Ах, с каким бы наслаждением они встали, чтобы отправиться в путь, с какой радостью открыли бы глаза в час разлуки с этим местом, где все пропитано потом, где они спали, очень плохо спали, вовсе не спали, — но теперь уже в последний раз, потому что они наконец уходят отсюда, освобожденные! Они собрались бы очень быстро. Все бы им казалось прекрасным.
По-иному, радостно говорили бы они друг другу: «Добрый день!» Но разве можно об этом думать? Побережье как женщина, которая не отпускает того, кого держит; если и подразнит чуть-чуть свободой, тут же зажмет меж чресел.
Но береговая сторона — это всего лишь чресла, ею никто не насыщается и томится, ибо она зовет искать что-то еще, кроме чресел, но дать ничего не может; одни чресла, и все.
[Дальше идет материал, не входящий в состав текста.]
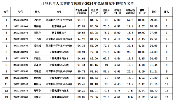 经公示无异议后,学院将拟推荐名单中的13名员工报送至学校教务处,若拟推荐名单的13名员工中有放弃推免或因故不能推免的,则从候补名单按序增补。
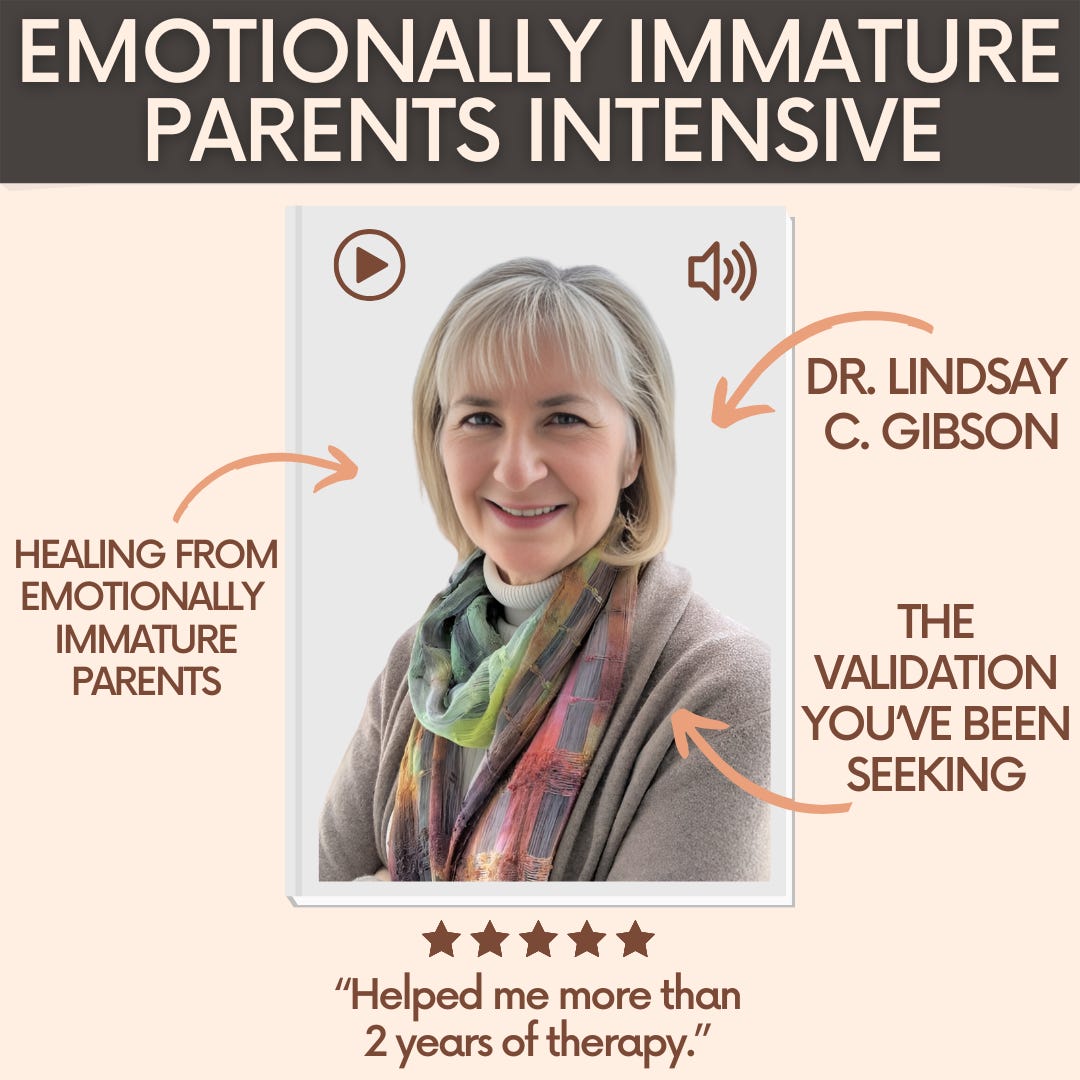 Hello friend, thank you so much for taking time out of your day to read my article, it really means a lot to me! If it resonated with you, I suspect you’ll find great value in the Emotionally Immature Parents Intensive, a course I created in collaboration with Dr. Lindsay C. Gibson, author of the best-selling book Adult Children Of Emotionally Immature Parents.
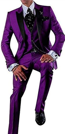 Men S 3 Pc Slim Fit Purple Suits Notch Lapel Wedding Tuxedos
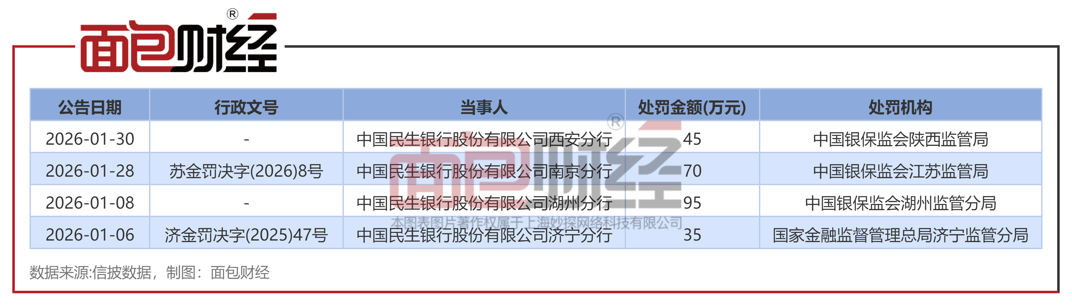 2026年以来,民生银行已收到多张罚单,罚款合计约达245万元。

Кто стремится завоевать ее, всегда терпит поражение, становится шелухой, иссушенной и сожженной, или влажным струпом земли, тонущим в океане.
За живой изгородью из подсолнечников, переплетенных бирюзовой цепью кьебракахетас и настурций, гирляндами из желтых маргариток и капель христовой крови, раскрыли во всю ширь глаза Бастиансито Кохубуль, его жена с грудным ребенком, Росалио Кандидо Лусеро и Айук Гайтан по прозвищу Косматый.
Все трое — женщина для них не в счет — увидели в небе жужжавший мошкой самолет, ставший затем шмелем, потом стрекозой и, наконец, огромной машиной. Он сломал прямую, по которой шел к морю, и взял курс на аэродром «Тропикаль платанеры».
— Ну, ладно, соседи, утро уже на исходе, а мы все валяемся!.. — сказал кто-то из них.
Они выбрались из-за изгороди, мокрые от росы, и направились к месту работы, а женщина, пахнувшая молоком, склонилась над сыном, который спал в плетенке, собираясь разбудить его и покормить. Но не успела она расшевелить малыша, как вдруг показались мужчины; они возвращались, а с ними шли другие люди и тыкали руками им прямо в лицо, чтобы объяснить, кем они стали.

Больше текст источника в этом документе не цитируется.